→ Supplied data
====================

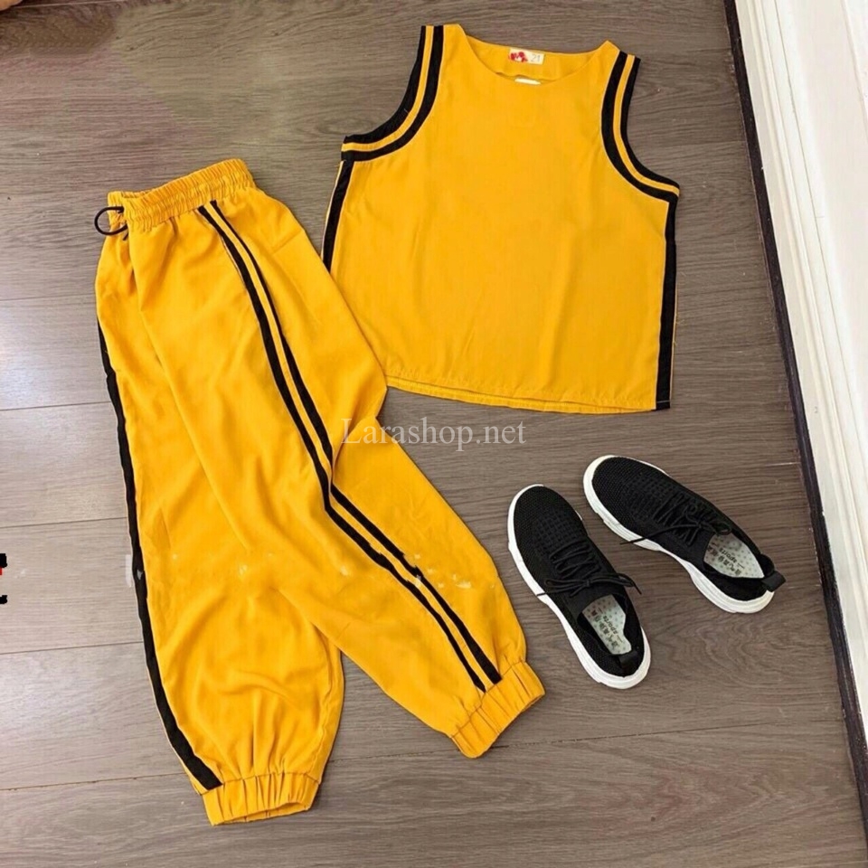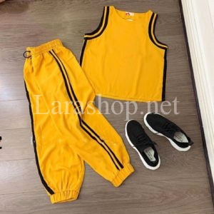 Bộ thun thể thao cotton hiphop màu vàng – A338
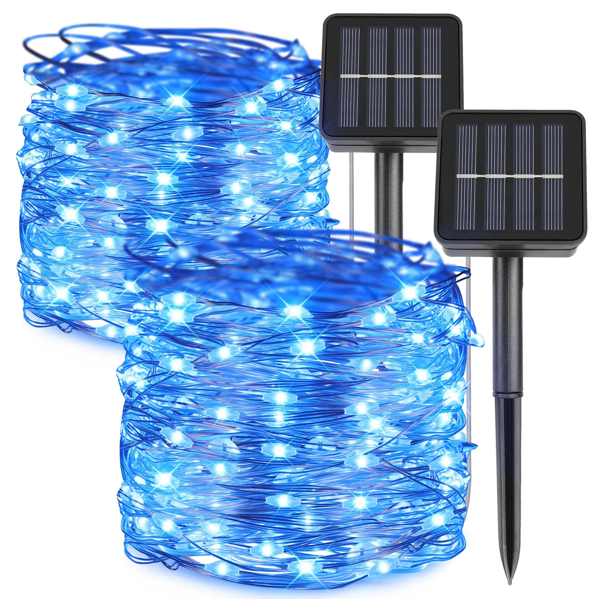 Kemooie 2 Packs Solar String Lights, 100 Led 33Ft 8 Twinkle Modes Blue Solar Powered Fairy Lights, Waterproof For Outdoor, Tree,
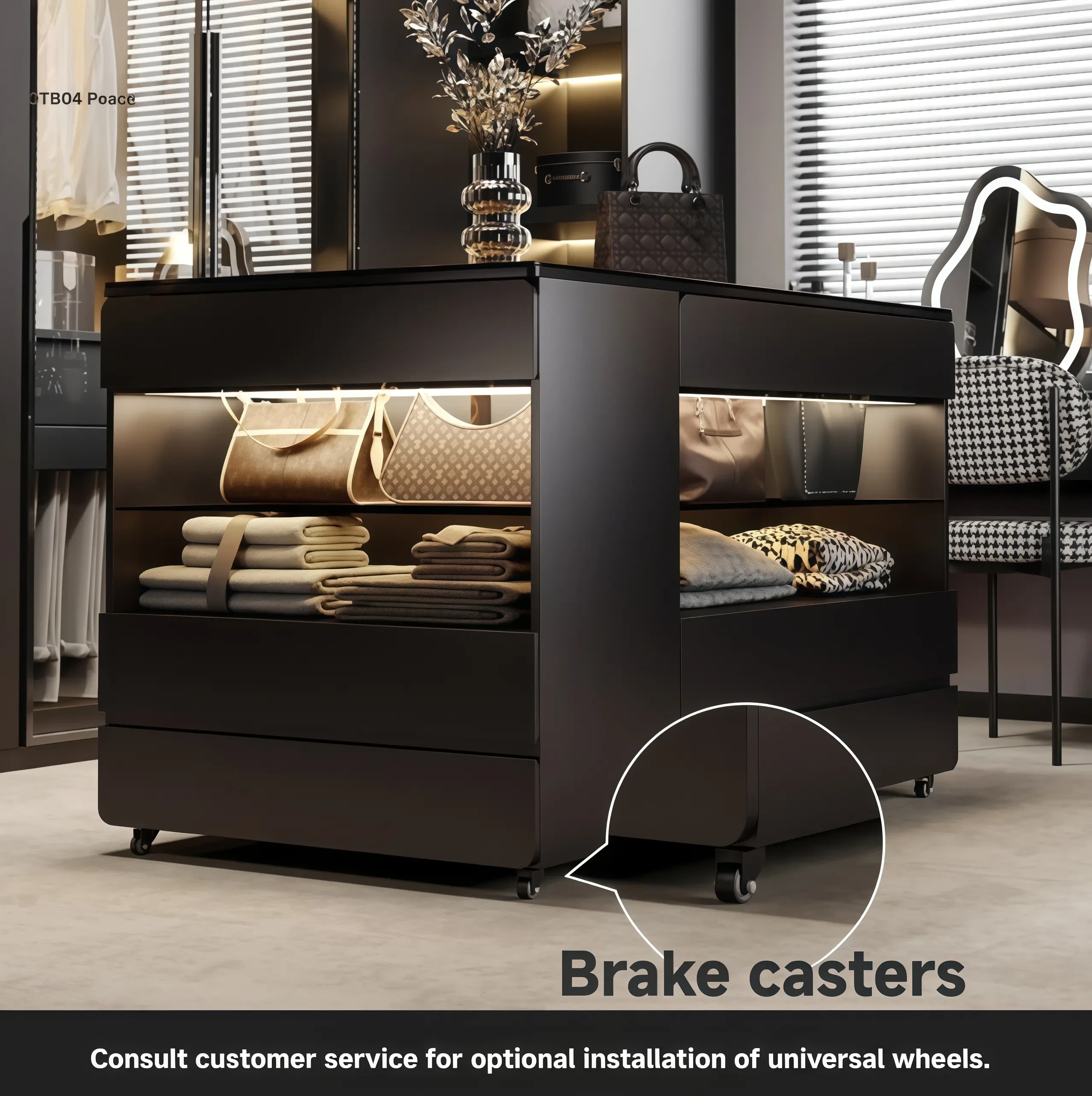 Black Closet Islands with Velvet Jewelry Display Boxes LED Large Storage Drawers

====================

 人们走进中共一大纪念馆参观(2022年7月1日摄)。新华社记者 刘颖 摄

====================

Using the data above, copy exactly the lines from the one containing "Bộ thun thể" to the one containing "Black Closet Islands", inclusive. Exclude the pictures.

 Bộ thun thể thao cotton hiphop màu vàng – A338
 Kemooie 2 Packs Solar String Lights, 100 Led 33Ft 8 Twinkle Modes Blue Solar Powered Fairy Lights, Waterproof For Outdoor, Tree,
 Black Closet Islands with Velvet Jewelry Display Boxes LED Large Storage Drawers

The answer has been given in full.